Why is utf8 IN char* but utf8 OUT is unsigned char*
Login
I noticed in the sqlite3.c code that utf8 IN is accepted as char*
e.g. int sqlite3_bind_text(sqlite3_stmt*,int,const char*,int,void(*)(void*));
whereas utf8 OUT is returned as
e.g. const unsigned char *sqlite3_column_text(sqlite3_stmt*, int iCol);

Within the code the char* IN is converted to unsigned char* and then manipulated. Can anyone explain to me why? I think I know how utf8 works but I'm unsure as to why the conversion is neccessary.

e.g. this define plays a big part in the sqlite3.c utf8 code (uz is the unsigned char* conversion of the recveived char* z)

#define SQLITE_SKIP_UTF8(uz) { 		    	\
  if( (*(uz++))>=0xc0 ){             	        \
	while( (*uz & 0xc0)==0x80 ){ uz++; }    \
  }                                             \
}

Couldn't the conversion to unsigned be avoided and the SKIP macro replaced with

do z++; while (*z<-64)

I know the latter doesn't check that the initial byte indicates a UTF8 char follows but does it matter?
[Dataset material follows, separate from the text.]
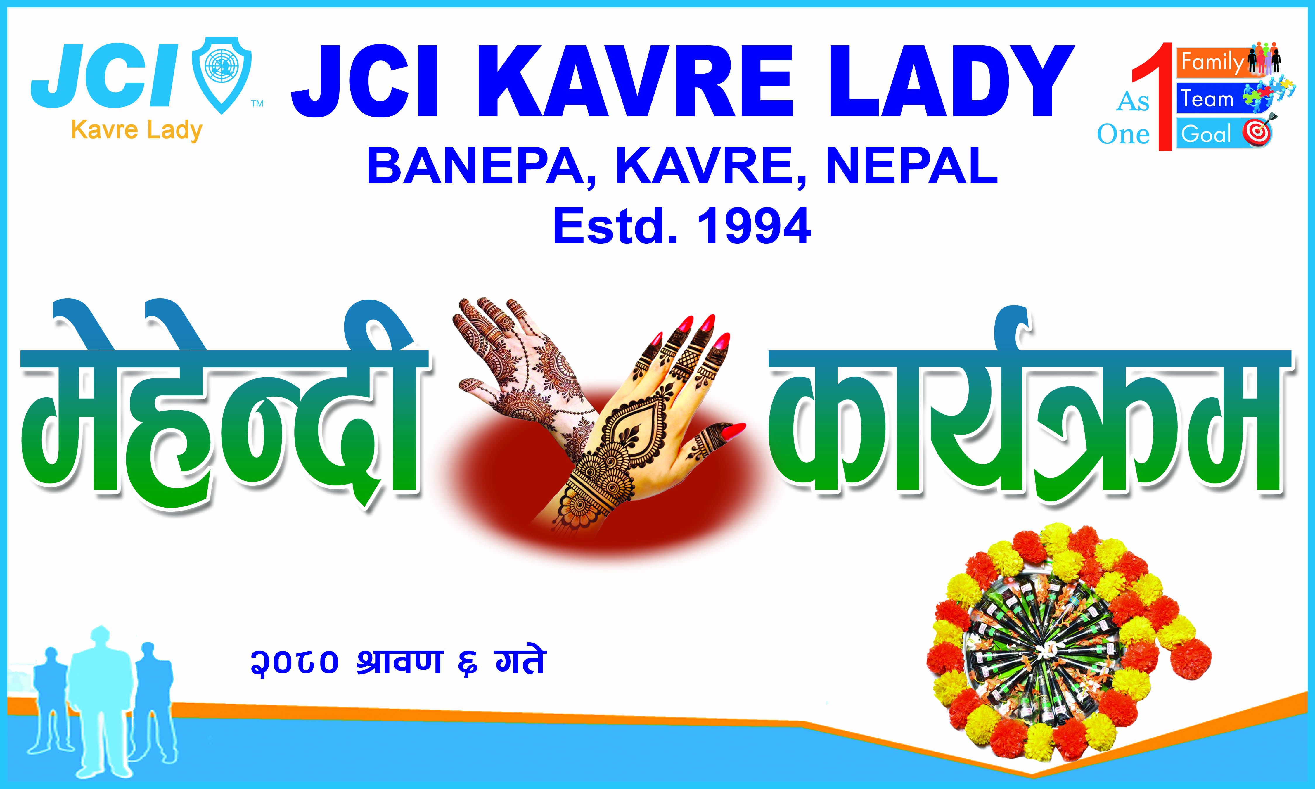 आज मिति २०८०/४/६ काभ्रे लेडी जेसीजको आयोजनामा भएको मेहेन्दी कार्यक्रम काभ्रे लेडी जेसिजका पूर्व अध्यक्ष जेसी रुबिना मकै श्रेष्ठज्यूको प्रमुख आतिथ्यतामा, काभ्रे लेडी जेसिज वर्ष २०२३ का अध्यक्ष जेसी बुद्ध लक्ष्मी मानन्धर ज्यूको सभापतित्वमा एवम् मातृशाखा काभ्रे जेसीज वर्ष २०२३ का अध्यक्ष जेसी सुमित मानन्धरज्यू, काभ्रे लेडी जेसिजका मानार्थ सदस्य तथा सौन्दर्य कला व्यवसाय संघका केन्द्रीय सह कोषाध्यक्ष लक्ष्मी श्रेष्ठज्यू , नेपाल जेसिजका राष्ट्रिय लेडी एकेडेमी संयोजक एवं काभ्रे लेडी जेसिजका नि.वर्तमान अध्यक्ष जेसी सुमित्रा श्रेष्ठ बाढेज्युको आतिथ्यतामा सम्पन्न भएको छ। उक्त कार्यक्रममा आफ्नो अमूल्य समय दिएर पाल्नु भएका काभ्रे लेडी जेसिज, काभ्रे जेसिजका पूर्व अध्यक्षज्यूहरु बोर्डका पदाधिकारी,सदस्यज्यूहरु तथा उपस्थित सम्पूर्णमा हार्दिक आभार एवं धन्यवाद व्यक्त गर्दछु ।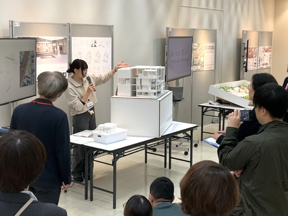1日目に5分間のポスターセッションと質疑応答、2日目に6分間のプレゼンテーションを実施。審査の結果、「すれ違いの共生」をテーマに提案した建築学科3年・上野さんの作品が「三菱地所コミュニティ賞」を受賞しました。

I mean if there's embedded chars < -64 without the leading utf8 byte is it not a malformed utf8 string in any case? If it did matter you could always change it to

if ((*++z & 192) == 192) while (*++z<-64);

(In the above I'm assuming -i & i always returns i for all compilers). 

I'm just wondering what I'm missing about utf8.